Balancing the Power in a Relationship
This has been an on-going issue that I have seen in terms of relationship problems, and I have yet seen anyone else stand up for this view.
A lot of the men here on the forums have this preconceived mentality that they need to maintain full power in a relationship. The girl needs to constantly prove themselves to you, the guy determines everything that goes on. If the girl does something that they guy doesn't like, the guy is supposed to chew her out and put her in her place. All the power in the relationship belongs in the hands of the male partner.
This is a terrible mentality to have, and it will lead to destruction in the relationship. Here is why:
Suppose that there are things that the girl does that bother you. Instead of talking things out, you yell at her furiously for what she has done. She submits, and you take victory, but deep down she is upset. You would not know, because you have not even taken the time to understand her. Time goes on, other issues pop up, and she becomes more and more unhappy as the power and "right" in a relationship are kept on one side. Eventually, she decides she has had enough and she leaves, leaving you wondering why she has left you when you thought the relationship was firm and stabble.
A good relationship is one where the power is shared, not centered around one person. Both sides need to be able to recognize issues and peacefully talk through them, not roar at each other until one side gives out. From time to time, you also need to surrender or give in to what she wants. A relationship is like a never-ending tug of war: If you lose all the time, then you no longer want to play anymore.

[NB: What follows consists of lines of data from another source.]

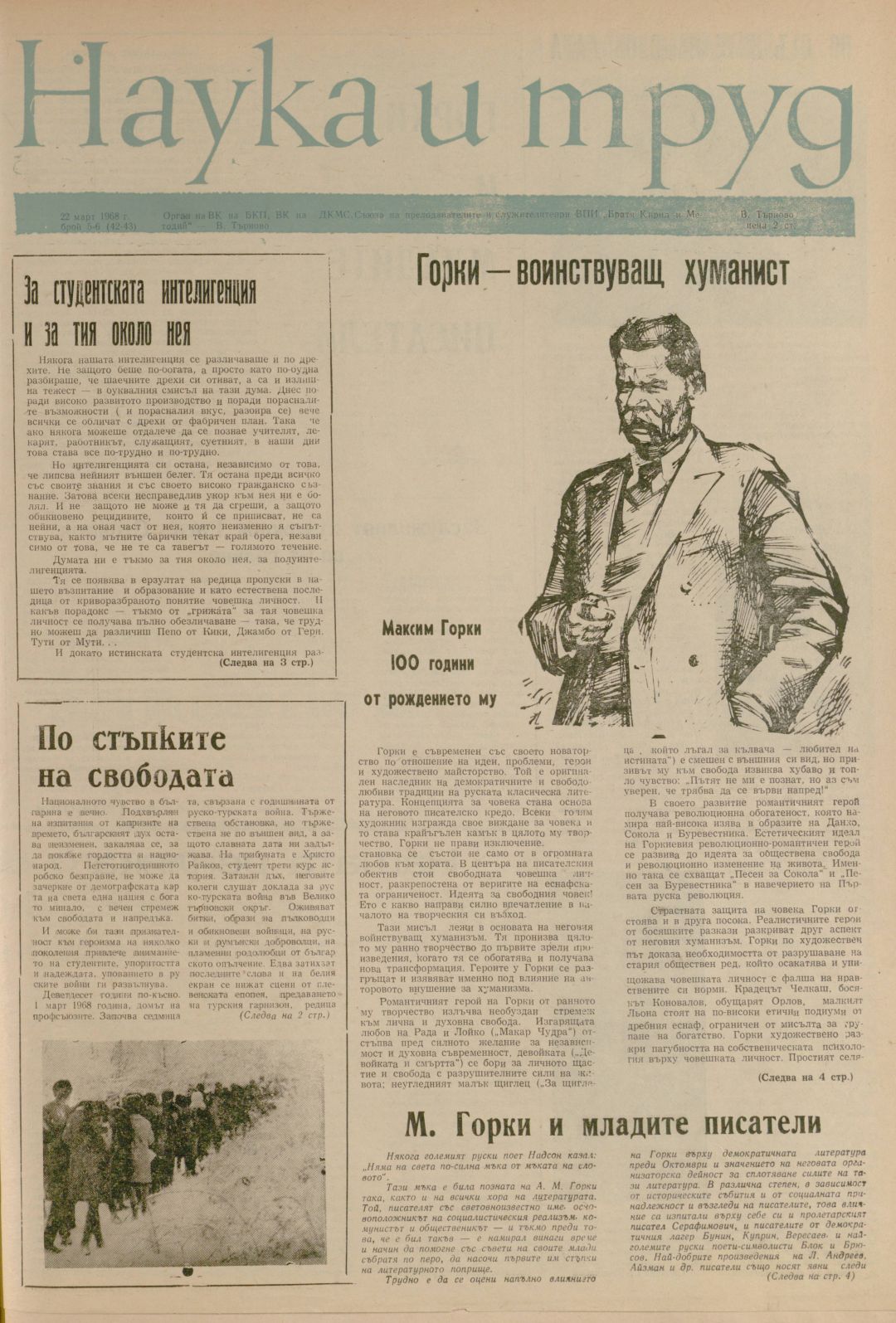 Год. 6, 5–6 (42–43). Наука и труд : Орган на БКП, ДКМС и Профорганизацията и Ректората на ВПИ "Братя Кирил и Методий"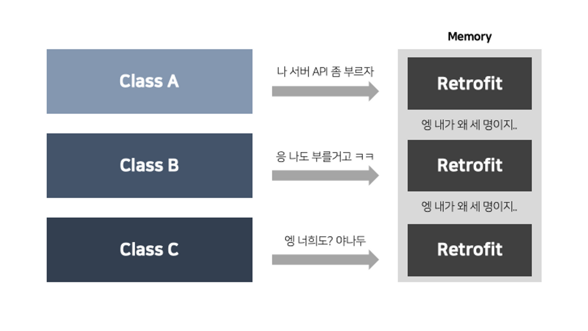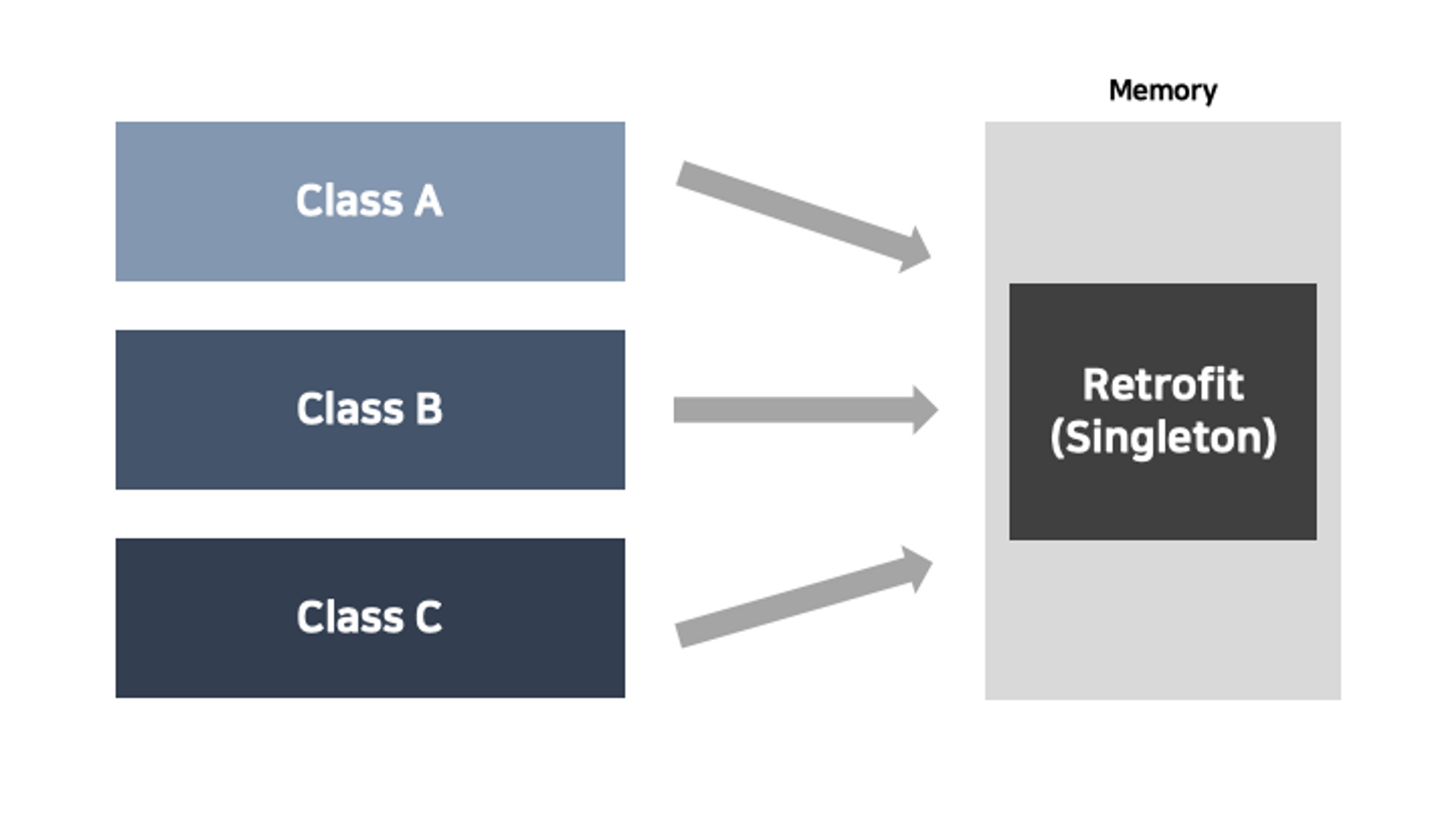 UMC 안드로이드 세미나에서 retrofit2 를 사용하는 방법을 배웠다. 당시 세미나에서 retrofit를 사용할 Activity에다가 build를 하셨다. 그렇다면 retrofit을 통해 서버와 데이터를 주고받을 activity전부에 저렇게 build를 다 해야하는건가 의문이 생겼고, 관련 질문을 하니 싱글톤패턴에 대해서 알려주셨다! 이를 기억하기위해 블로그에 작성해보고자 한다.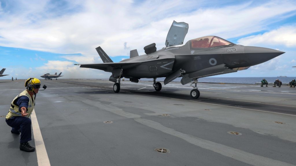 An American F-35B Lightning Joint Strike Fighter during operations on the HMS Queen Elizabeth. (Royal Navy)

In Dr. John Gray's book Men are from Mars, Women are from Venus, the very first passage takes you to a situation very similar to what I have read to be supposedly "correct". Gray's wife had just given birth, she tore, and now she is in an agonizing amount of pain. This has carried over to Gray himself, and her attitude has driven him through the roof. Eventually, the two blow up into an argument, and just as he is storming out of the room, she finally tells him:
"I'm in pain. Please don't leave me."
It is at this moment that Dr. Gray comes to a higher understanding of the mechanics of a relationship. All of a sudden, he begins to understand the problems his wife is going through. She wasn't being a bitch because she is a bitch. She was in a bad mood because she is in agony. Now what kind of impact would that have on her if Dr. Gray had done the "dominant, manly" thing and just stormed out of there "like a boss"?
Guys, not all problems in a relationship can be solved by yelling and trying to win things over in your favor. If you truly love someone, then you have GOT to be willing to make sacrifices. You have to able to talk to her and see things eye to eye, instead of yelling at each other in a display of brute force. Sometimes, the "manly" thing is not to revert to your physical dominance, but to connect with your lady on the emotional level that she understands most.